Data segment
---
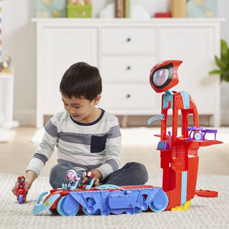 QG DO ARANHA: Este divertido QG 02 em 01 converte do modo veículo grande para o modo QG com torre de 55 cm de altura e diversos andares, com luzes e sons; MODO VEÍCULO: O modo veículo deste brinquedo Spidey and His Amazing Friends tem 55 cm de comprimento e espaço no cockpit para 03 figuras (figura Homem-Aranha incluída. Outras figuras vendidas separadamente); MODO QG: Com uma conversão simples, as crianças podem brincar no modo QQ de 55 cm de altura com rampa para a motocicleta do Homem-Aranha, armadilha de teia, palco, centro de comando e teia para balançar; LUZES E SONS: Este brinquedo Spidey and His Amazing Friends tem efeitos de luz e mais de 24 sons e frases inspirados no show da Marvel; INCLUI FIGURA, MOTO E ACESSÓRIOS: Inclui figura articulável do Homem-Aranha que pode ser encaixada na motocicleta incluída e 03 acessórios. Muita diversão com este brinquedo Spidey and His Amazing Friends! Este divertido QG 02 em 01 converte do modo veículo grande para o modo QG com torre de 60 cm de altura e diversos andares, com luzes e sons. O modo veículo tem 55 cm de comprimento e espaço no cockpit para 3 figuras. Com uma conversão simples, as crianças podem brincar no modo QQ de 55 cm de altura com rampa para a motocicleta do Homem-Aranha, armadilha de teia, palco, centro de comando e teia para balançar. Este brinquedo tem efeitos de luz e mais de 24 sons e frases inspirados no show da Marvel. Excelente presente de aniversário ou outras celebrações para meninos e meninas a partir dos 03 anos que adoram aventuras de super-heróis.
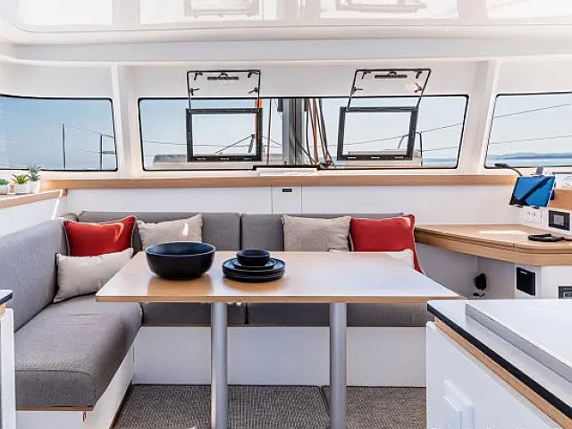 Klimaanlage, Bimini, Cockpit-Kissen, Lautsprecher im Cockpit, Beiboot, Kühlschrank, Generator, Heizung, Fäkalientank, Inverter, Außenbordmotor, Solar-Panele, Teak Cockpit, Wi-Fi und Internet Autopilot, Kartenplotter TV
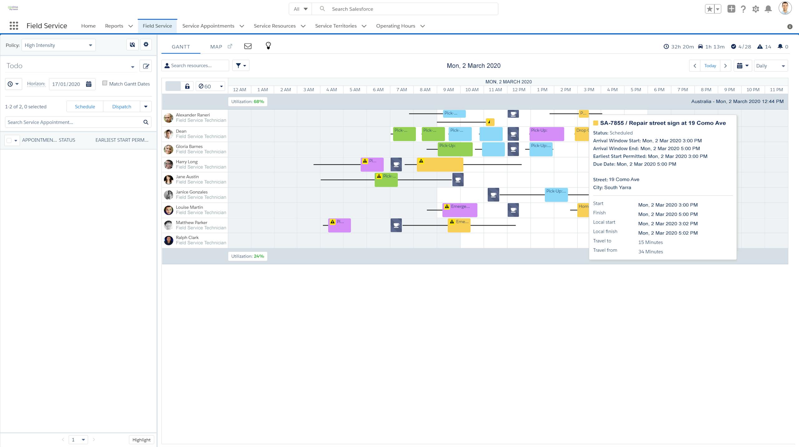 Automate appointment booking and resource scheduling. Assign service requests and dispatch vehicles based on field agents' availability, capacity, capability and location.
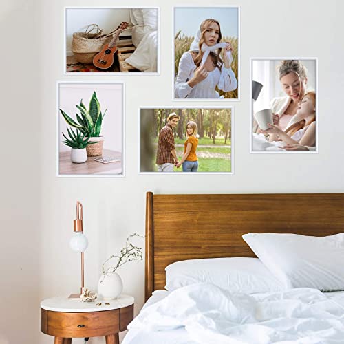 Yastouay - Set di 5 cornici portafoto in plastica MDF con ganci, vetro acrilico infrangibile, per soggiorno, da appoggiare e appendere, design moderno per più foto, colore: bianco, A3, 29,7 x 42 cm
---
What you are asked to do
What you return must match the data above exactly, with no images included.

Finished exercise
 QG DO ARANHA: Este divertido QG 02 em 01 converte do modo veículo grande para o modo QG com torre de 55 cm de altura e diversos andares, com luzes e sons; MODO VEÍCULO: O modo veículo deste brinquedo Spidey and His Amazing Friends tem 55 cm de comprimento e espaço no cockpit para 03 figuras (figura Homem-Aranha incluída. Outras figuras vendidas separadamente); MODO QG: Com uma conversão simples, as crianças podem brincar no modo QQ de 55 cm de altura com rampa para a motocicleta do Homem-Aranha, armadilha de teia, palco, centro de comando e teia para balançar; LUZES E SONS: Este brinquedo Spidey and His Amazing Friends tem efeitos de luz e mais de 24 sons e frases inspirados no show da Marvel; INCLUI FIGURA, MOTO E ACESSÓRIOS: Inclui figura articulável do Homem-Aranha que pode ser encaixada na motocicleta incluída e 03 acessórios. Muita diversão com este brinquedo Spidey and His Amazing Friends! Este divertido QG 02 em 01 converte do modo veículo grande para o modo QG com torre de 60 cm de altura e diversos andares, com luzes e sons. O modo veículo tem 55 cm de comprimento e espaço no cockpit para 3 figuras. Com uma conversão simples, as crianças podem brincar no modo QQ de 55 cm de altura com rampa para a motocicleta do Homem-Aranha, armadilha de teia, palco, centro de comando e teia para balançar. Este brinquedo tem efeitos de luz e mais de 24 sons e frases inspirados no show da Marvel. Excelente presente de aniversário ou outras celebrações para meninos e meninas a partir dos 03 anos que adoram aventuras de super-heróis.
 Klimaanlage, Bimini, Cockpit-Kissen, Lautsprecher im Cockpit, Beiboot, Kühlschrank, Generator, Heizung, Fäkalientank, Inverter, Außenbordmotor, Solar-Panele, Teak Cockpit, Wi-Fi und Internet Autopilot, Kartenplotter TV
 Automate appointment booking and resource scheduling. Assign service requests and dispatch vehicles based on field agents' availability, capacity, capability and location.
 Yastouay - Set di 5 cornici portafoto in plastica MDF con ganci, vetro acrilico infrangibile, per soggiorno, da appoggiare e appendere, design moderno per più foto, colore: bianco, A3, 29,7 x 42 cm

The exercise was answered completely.